Rapid Convex Optimization of Centroidal Dynamics using Block Coordinate Descent
Paarth Shah, Avadesh Meduri, Wolfgang Merkt, Majid Khadiv, Ioannis, Havoutis, Ludovic Righetti

TL;DR
This paper introduces a fast, convex optimization method using block coordinate descent for centroidal dynamics in robots, enabling efficient and physically feasible multi-contact motion planning.
Contribution
It exploits the structure of centroidal dynamics to decompose a non-convex problem into convex subproblems, improving speed and practicality over existing methods.
Findings
Achieves over four times faster computation than previous methods.
Produces trajectories with comparable or better cost quality.
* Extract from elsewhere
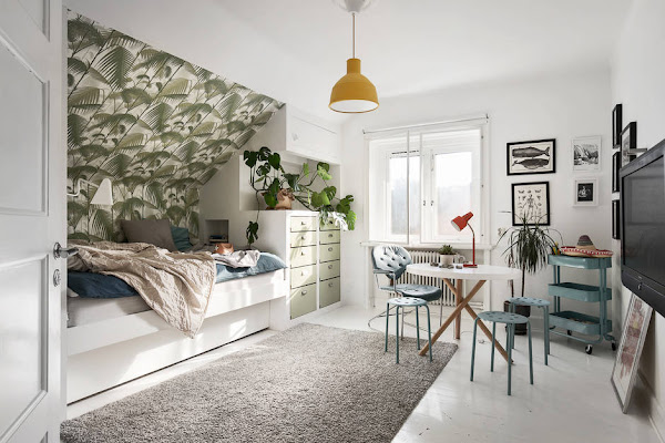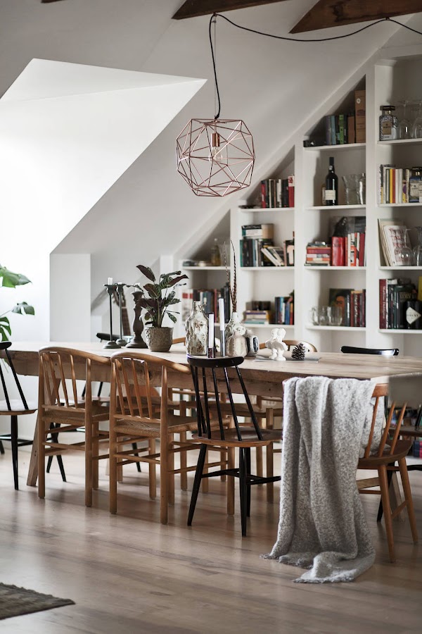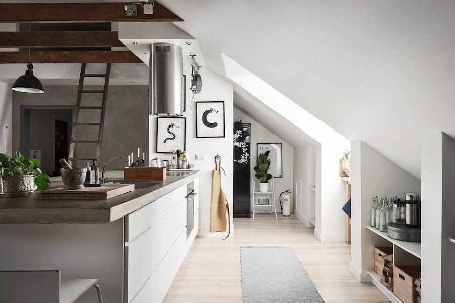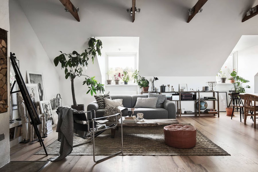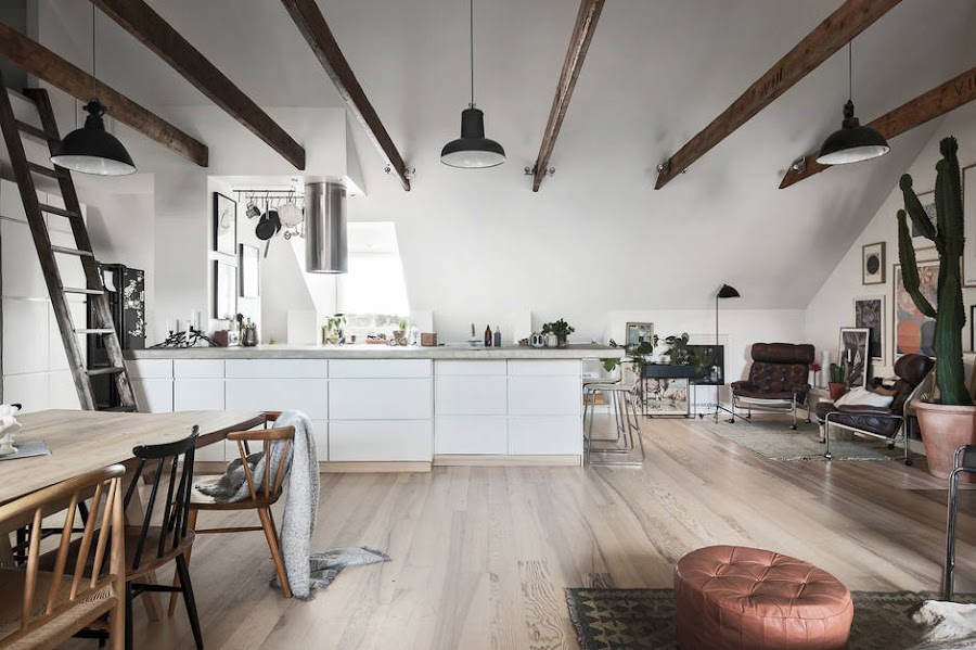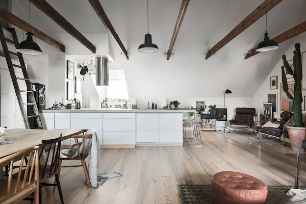 Nunca tengo suficiente cuando se trata de visitar estos bonitos áticos, el estilo nórdico me parece siempre especialmente atractivo en estas situaciones.Si ya de por si este estilo nos ofrece mucho, sumándole las vigas de madera ya adquiere mucha mas personalidad el conjunto. Creo que hemos visto conjuntos de vigas mucho más bonitas que estas pero sean como sean, la madera de estas nunca dejara de otorgar a los espacios mucha calidez.

Successfully tracks generated motions on a quadruped robot in simulation.
Abstract
In this paper we explore the use of block coordinate descent (BCD) to optimize the centroidal momentum dynamics for dynamically consistent multi-contact behaviors. The centroidal dynamics have recently received a large amount of attention in order to create physically realizable motions for robots with hands and feet while being computationally more tractable than full rigid body dynamics models. Our contribution lies in exploiting the structure of the dynamics in order to simplify the original non-convex problem into two convex subproblems. We iterate between these two subproblems for a set number of iterations or until a consensus is reached. We explore the properties of the proposed optimization method for the centroidal dynamics and verify in simulation that motions generated by our approach can be tracked by the quadruped Solo12. In addition, we compare our method to a recently…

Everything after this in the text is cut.